You can't help but feel enraged after seeing this. I think the directors tried to be fair and unbiased in retelling the story of Jim & Tammy's rise from young, enthusiastic Christians to older, ambitious Televangelists. There are several scenes of Tammy clicking her long garish fingernails against her typewriter keyboard, composing letters to her old foes Jessica Hahn and Jerry Falwell asking them to be interviewed for this movie. Sadly, they all declined. Even people who were supposedly "old friends" of Tammy declined to be interviewed...

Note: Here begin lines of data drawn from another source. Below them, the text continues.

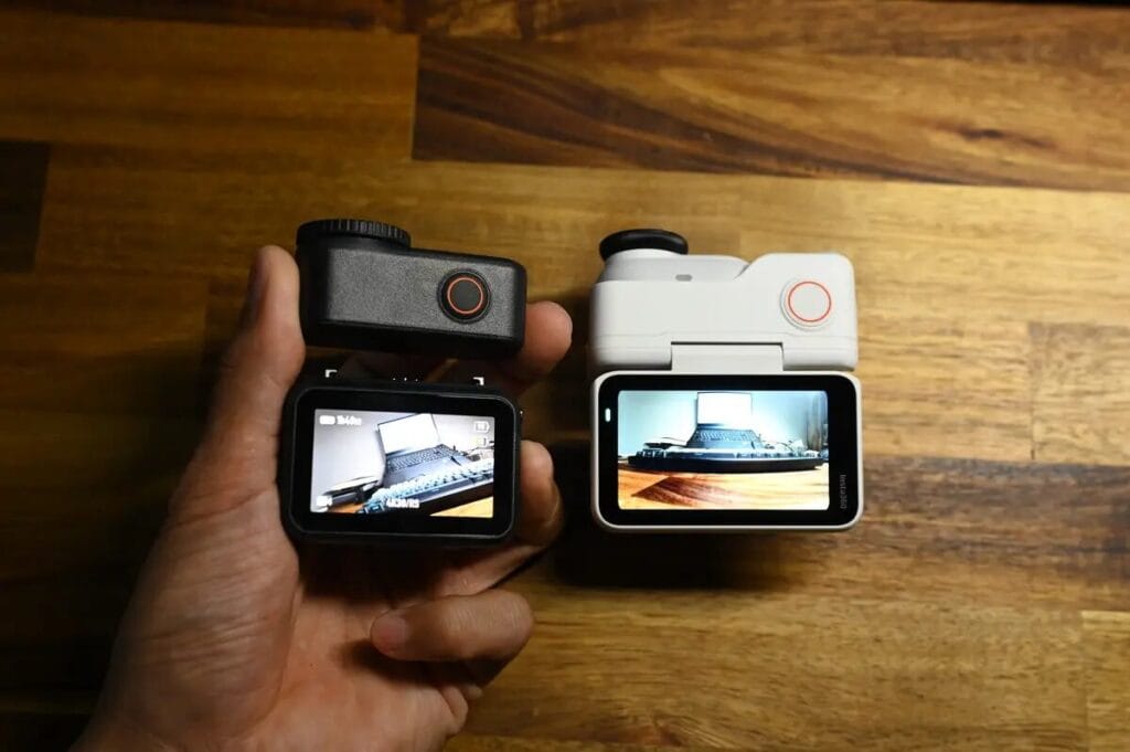 Osmo Nano 支援 DJI Mic,但接上麥克風後無法顯示預覽畫面,這個設計對邊確認構圖邊收音的使用情境來說,確實不太方便。相比之下,GO Ultra 透過更新後可以同時連接 Insta360 Mic Air 並查看 Action Pod 的畫面預覽,實用性更高。
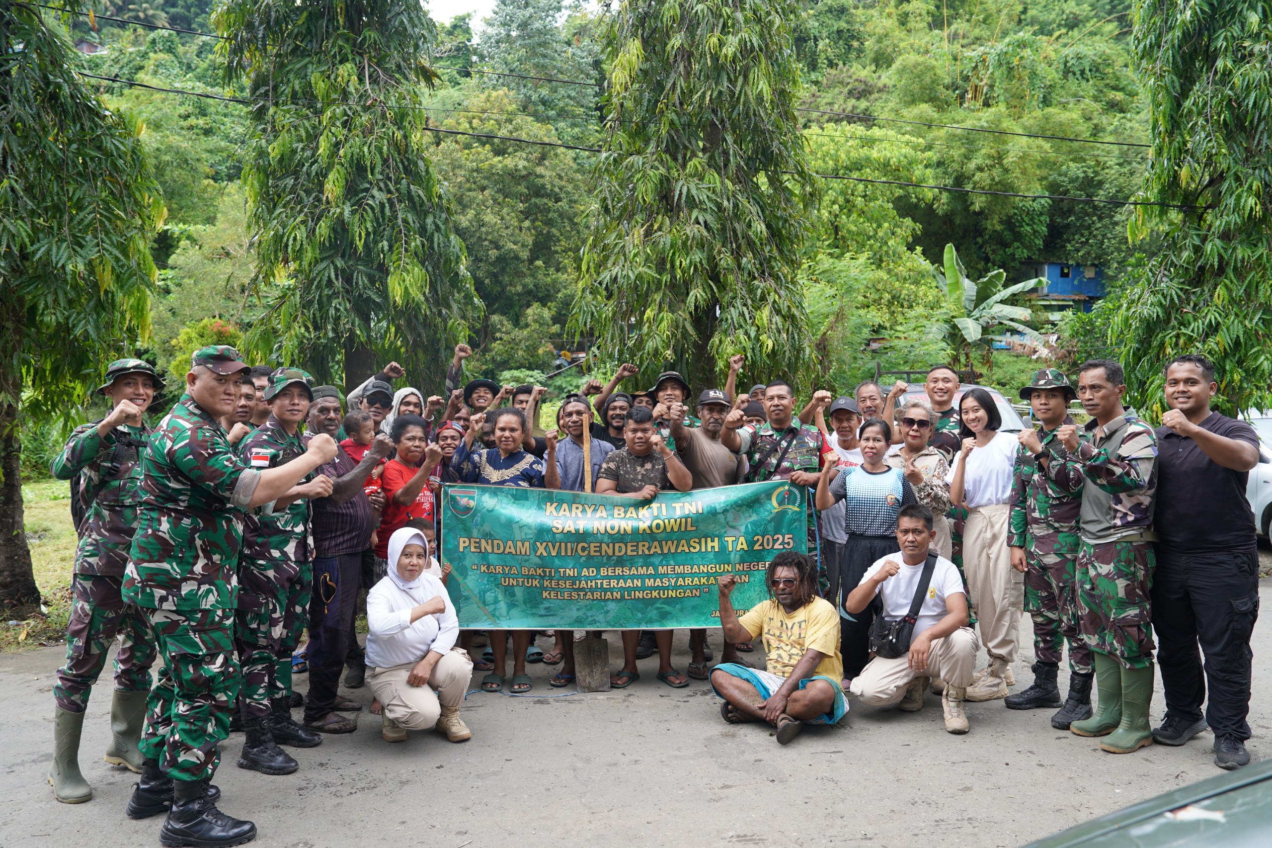 Satuan Penerangan Komando Daerah Militer (Kodam) XVII/Cenderawasih bersama masyarakat di sela-sela karya bakti TNI satuan non kewilayahan di eks Pasar Ampera, Kelurahan Gurabesi, Distrik Jayapura Utara, Kota Jayapura, Papua, Rabu (30/7). Foto: Istimewa
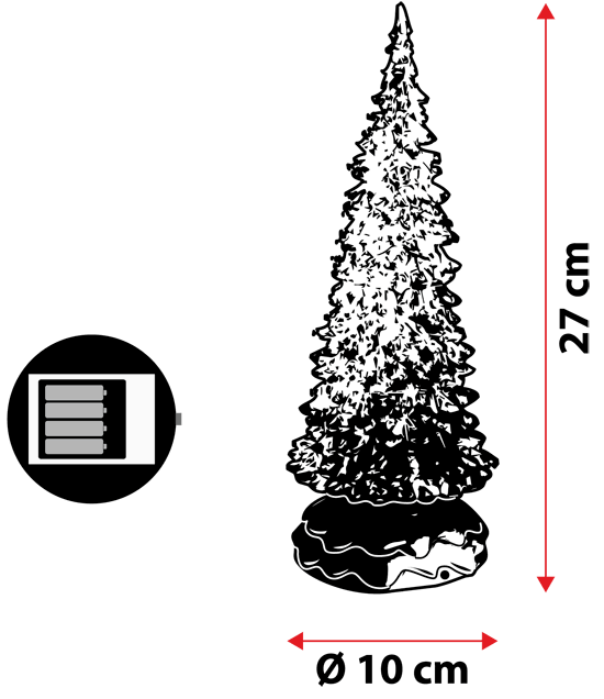 Der Baum ist 27 cm groß und hat ein Basisdurchmesser von 10 cm. Die im Sockel integrierte LED verbreitet warweißes Licht durch den schön verarbeiteten Acrylkörper.
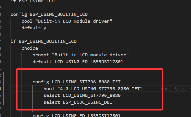 select BSP_LCDC_USING_DBI <!-- 屏幕驱动接口类型,前面有说明 -->
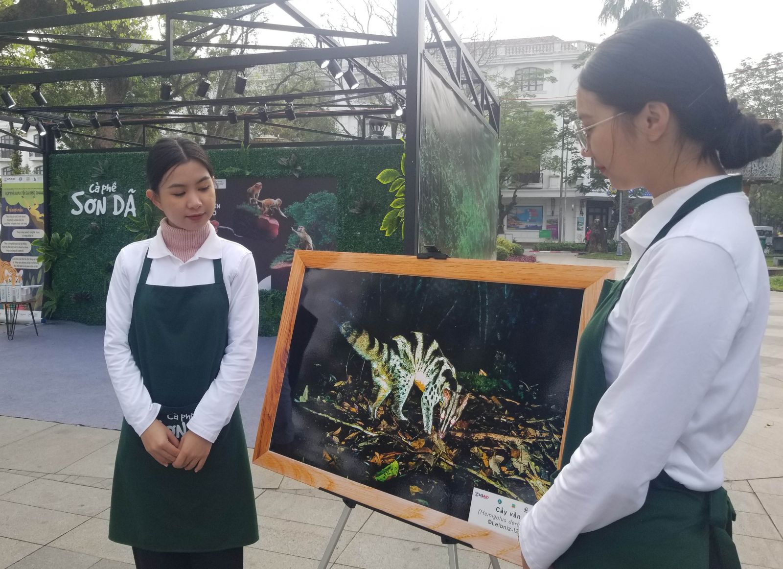 Hoạt động triển lãm tranh về ĐVHD để quảng bá và truyền thông lưu động tại khu vực thành thị thông qua hoạt động trải nghiệm mô hình Cà phê Sơn Dã diễn ra tại công viên Tứ Tượng, đường Lê Lợi (TP. Huế).

So, yes, obviously, the movie builds a huge sympathy for Tammy. Honestly, after seeing this movie, I just wanted to send her a huge bouquet of flowers. I mean, really! The movie paints such a sad portrait of Tammy, you just want to give the girl a hug. There are scenes of Tammy reading her painfully-adolescent poetry, lines of loneliness and verses of pain. There's a scene where Tammy is pitching ideas for television shows to a hipster producer, these lame ideas that just make you groan, but she believes in them so deeply! And in yet another scene, she finally confronts a journalist who won a Pulitzer Prize for his work on the whole PTL scandal. And despite her pain and hurt, when he asks her to autograph the very book detailing the unraveling of her work and marriage, she cheerfully smiles and signs away!

One thing that kind-of bothered me about the film was that I felt it kind-of teetered between being a serious documentary and being kitschy. The introductions into the different chapters of the story are brought to you by two goofy, giggly puppets. Now, Mike and I are totally pro-puppet, but it just seemed a little unnecessary to me. Like they were just trying too hard to be "campy," like, "Oh, let's appeal to the gay community by getting RuPaul to narrate and using kitschy puppets..." That's fine if they wanted to go in that direction, but like I said, they seemed to teeter between the two.

Not that it would have been a bad thing to go in the kitsch direction! Tammy Faye is probably one of the first famous Televangelists to reach out to the gay community, interviewing a man with AIDS on the PTL network way back in the early 80's. And when you begin to doubt this woman's integrity, wondering if the film is just painting her in an overly-sympathetic way, I think watching this scene will remove any doubt of credibility for this woman! I mean, back in the early 80's, people thought you could catch AIDS from kissing or using a public toilet...I think it shows amazing integrity. : )

This is really a fascinating profile on a (verrr-rrry) interesting woman. See it if you can! ; ) (janice.00)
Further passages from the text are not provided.